◆ Task statement: In the records below, reproduce exactly the lines from the one containing "10月28日,在河南省商丘市" through the one containing "3月11日,钟楼区五星街道勤", both included, and omit the pictures.

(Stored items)
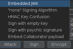 Nos dirigimos al repeater pulsamos en Attack y pulsamos sobre Embedded JWK, de esta forma Burpsuite extrae la clave pública de la clave RSA y la inyecta en el parámetro jwk
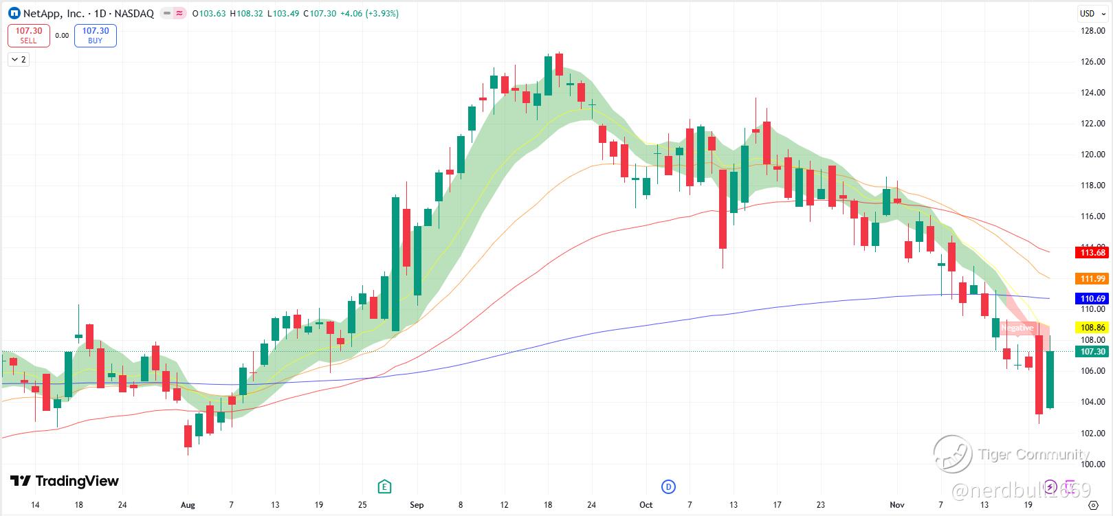 We are seeing how NTAP stock price performance have been affected by the recent AI bubbles narrative as well as broad market selloffs, and NTAP is now trading in a negative RSI momentum, and the share price is trading below the 200-day period on daily chart.
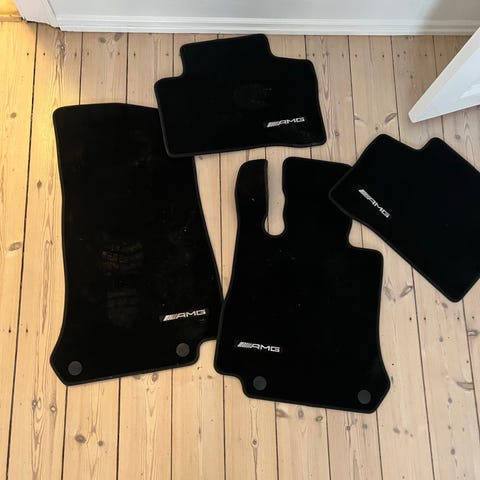 Mercedes-Benz bilgulvtæpper sæt i sort farve. Sættet inkluderer gulvtæpper til for- og bagsæder med monteringsbeslag for sikker fastgørelse. Materialet er tekstil, designet til brug i bilens interiør.
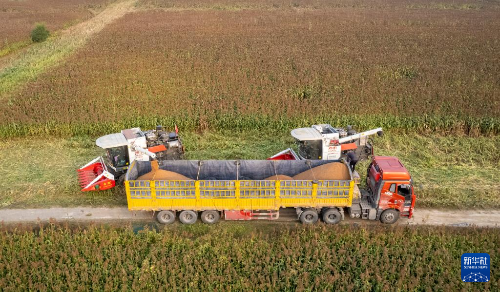 10月28日,在河南省商丘市夏邑县会亭镇花园村,收割机将收获的高粱装车外运(无人机照片)。
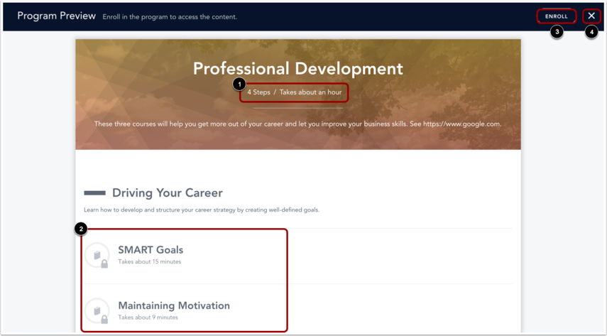 The Program Preview page displays the number of steps in the program and the estimated time to complete it [1]. It also lists all courses, live trainings, and checkpoints in the program, along with their descriptions [2].
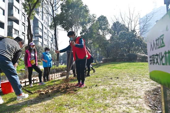 3月11日,钟楼区五星街道勤二社区新时代文明实践站组织社区工作人员、党员志愿者及高成物业工作人员开展植树活动,打造“人人社区•共享文化林”。社区以“人人共享文化林”为载体,让居民共同进行绿化养护,参与到社区治理中。
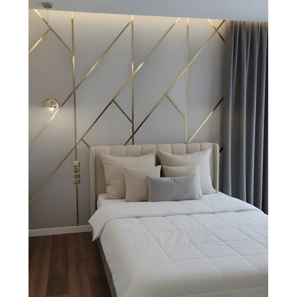 Montajul se face cu adeziv potrivit suportului, pe suprafete plane si curate. In bai, dusuri, bucatarii, holuri si zone comerciale functioneaza ca profil decorativ sau profil de trecere intre vopsea, tapet, microciment, lemn si ceramica. Aspectul auriu mat aduce caldura controlata in scheme moderne, contemporane, japandi, modern clasic ori industrial soft, unde liniile metalice subtiri ordoneaza compozitia. Platbanda ofera posibilitatea de a urmari curbe usoare pentru continuitate vizuala.
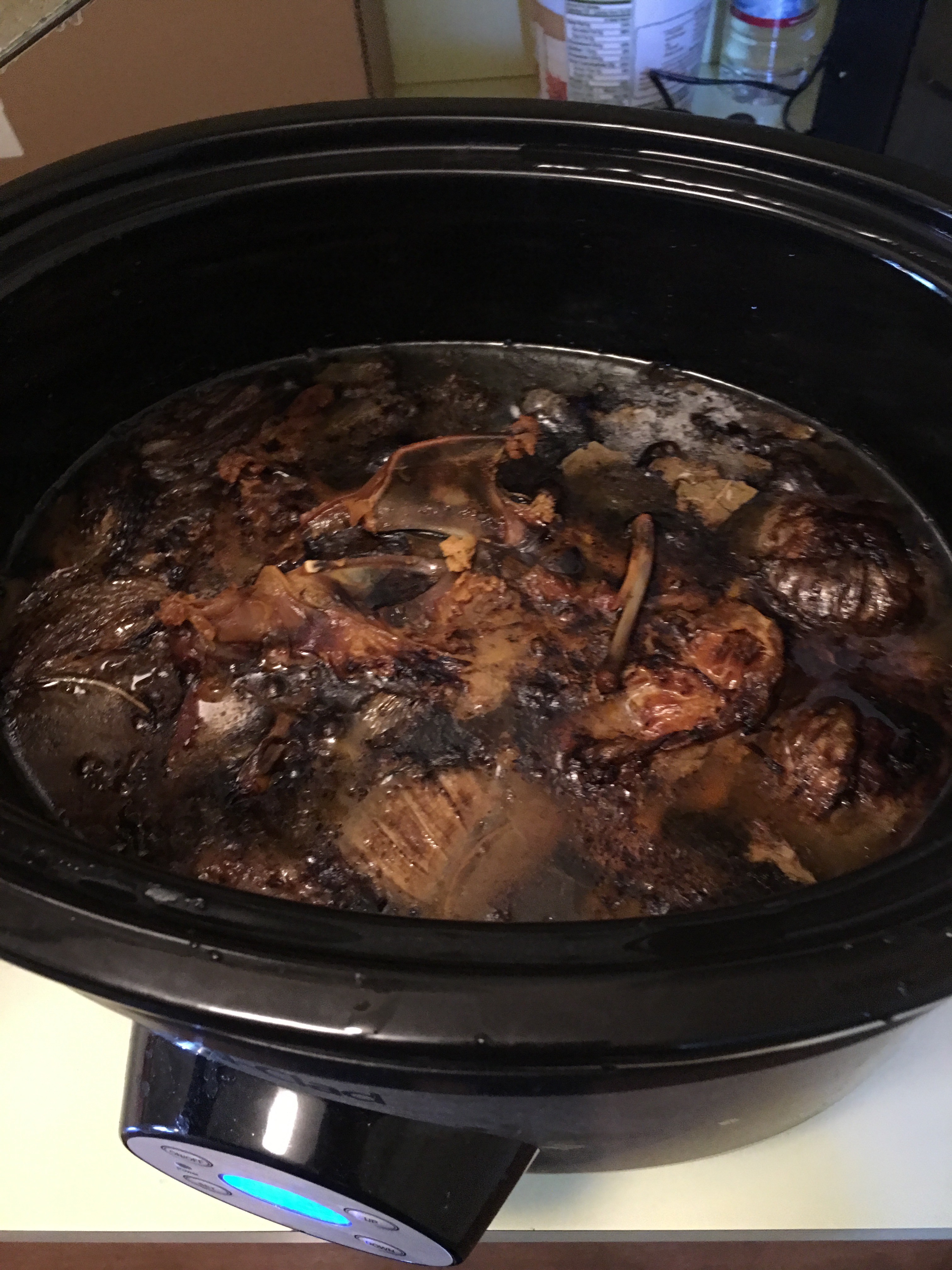 Chuck it all into your slow cooker and set to low for 20 hours. If you think of it, you can cruise by after 8-10 hours and use a potato masher to smush the bones and release extra gelatinous goodness, then cover and keep cooking. When you are done it will be all gorgeous and a golden caramel color
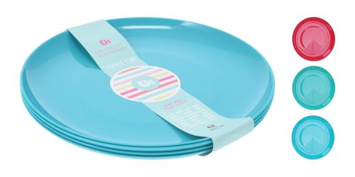 Talíř mělký 21 cm, PH mix barev (4 ks). průměr: 21 cm materiál: plast mix barev: červená, zelená, modrá balení: 4 ks Plastový talř je vhodný nejen pro děti, je nerozbitný a lehce omyvatelný.
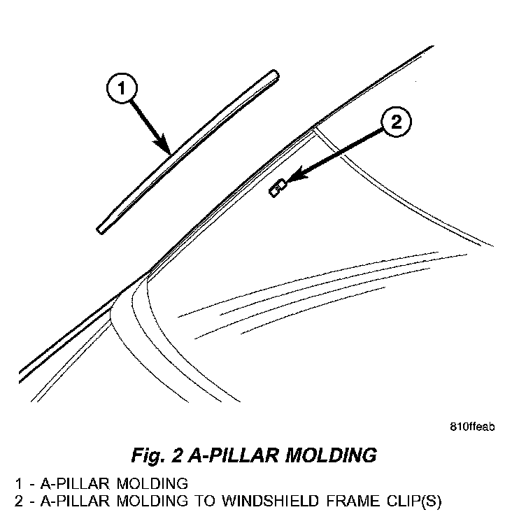 1. Remove A-pillar trim molding. Pulling trim away from windshield using your hand or a trim tool to disengage the molding from the spring clips. Starting at the top of molding and work downward disengaging all four spring clips. Use care not to damage A-pillar molding.
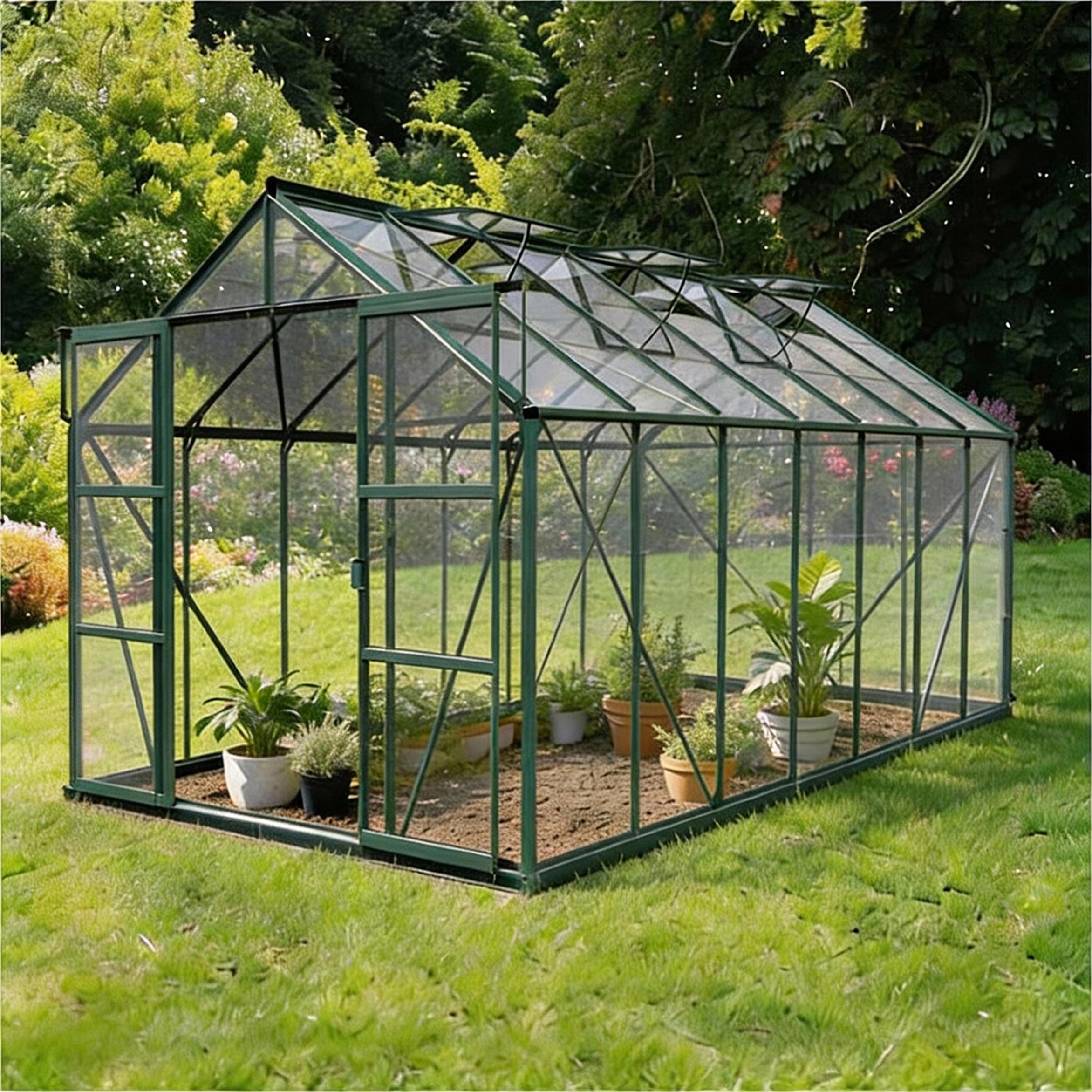 🟩 Robuuste kas met zes dakvensters en dubbele schuifdeur
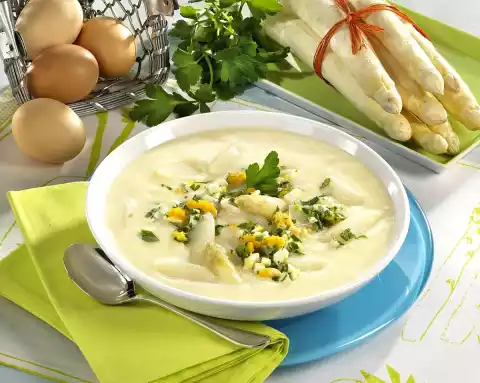 Boil the eggs in boiling water for about 8 minutes. Pour the asparagus stock through a sieve. Heat the oil in a pot and fry the onion. Deglaze with stock, bring to the boil and cook the asparagus for about 15 minutes. Wash parsley, dab dry and chop finely. Quench eggs cold, peel and dice finely. Mix egg cubes and parsley. Stir the crème légère into the soup, bring to the boil and stir in the sauce thickener. Let simmer for about 2 minutes. Season soup with salt, pepper and 1 pinch of sugar.
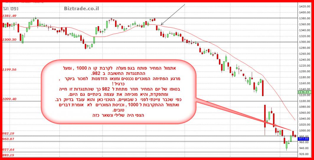 טכנית, והטכני כבר חזר מזמן לגרף ) המחיר מנסה לבלום על קו של תחתית כפולה ב 984 , ויחד עם זאת ניסיון הפריצה של ה 1000 היום לא הצליח.
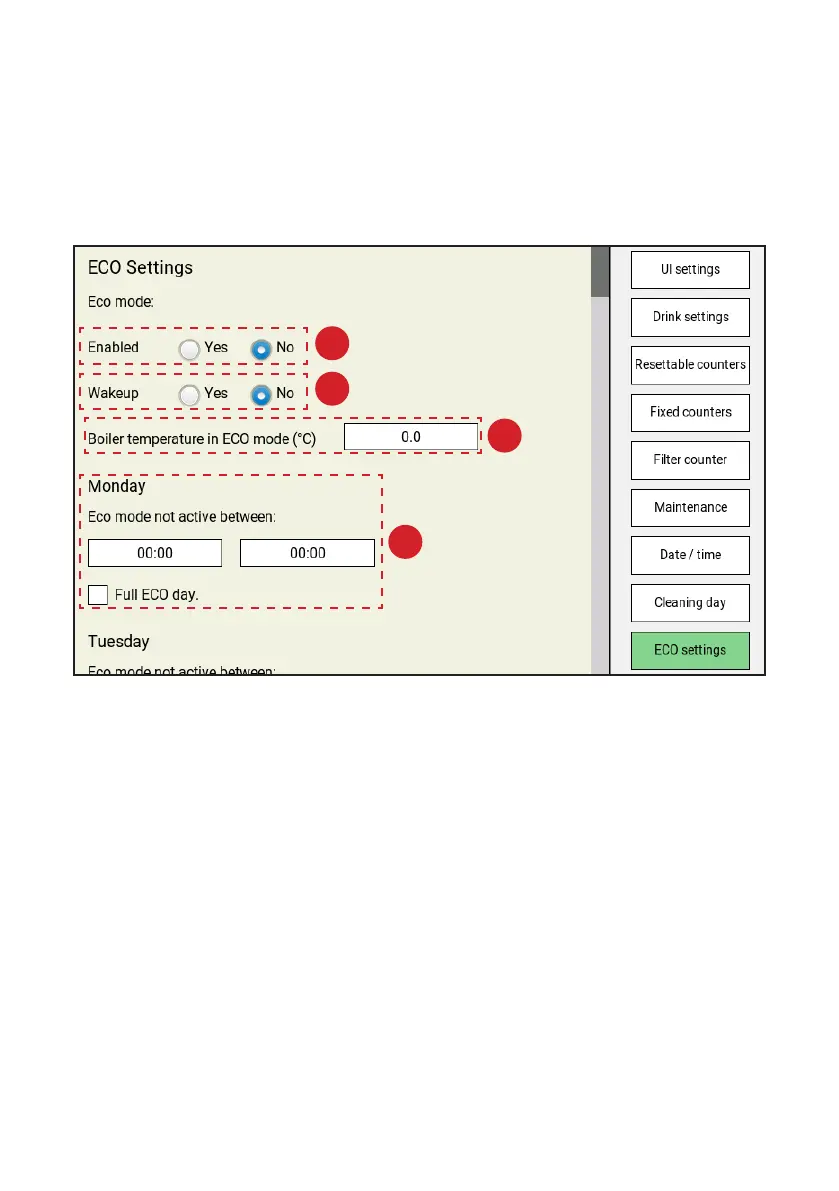a user to interupt ECO mode when necessary to make a drink), set ECO mode boiler temperature (C), and set

◆ Solution to this task:
 10月28日,在河南省商丘市夏邑县会亭镇花园村,收割机将收获的高粱装车外运(无人机照片)。
 The Program Preview page displays the number of steps in the program and the estimated time to complete it [1]. It also lists all courses, live trainings, and checkpoints in the program, along with their descriptions [2].
 3月11日,钟楼区五星街道勤二社区新时代文明实践站组织社区工作人员、党员志愿者及高成物业工作人员开展植树活动,打造“人人社区•共享文化林”。社区以“人人共享文化林”为载体,让居民共同进行绿化养护,参与到社区治理中。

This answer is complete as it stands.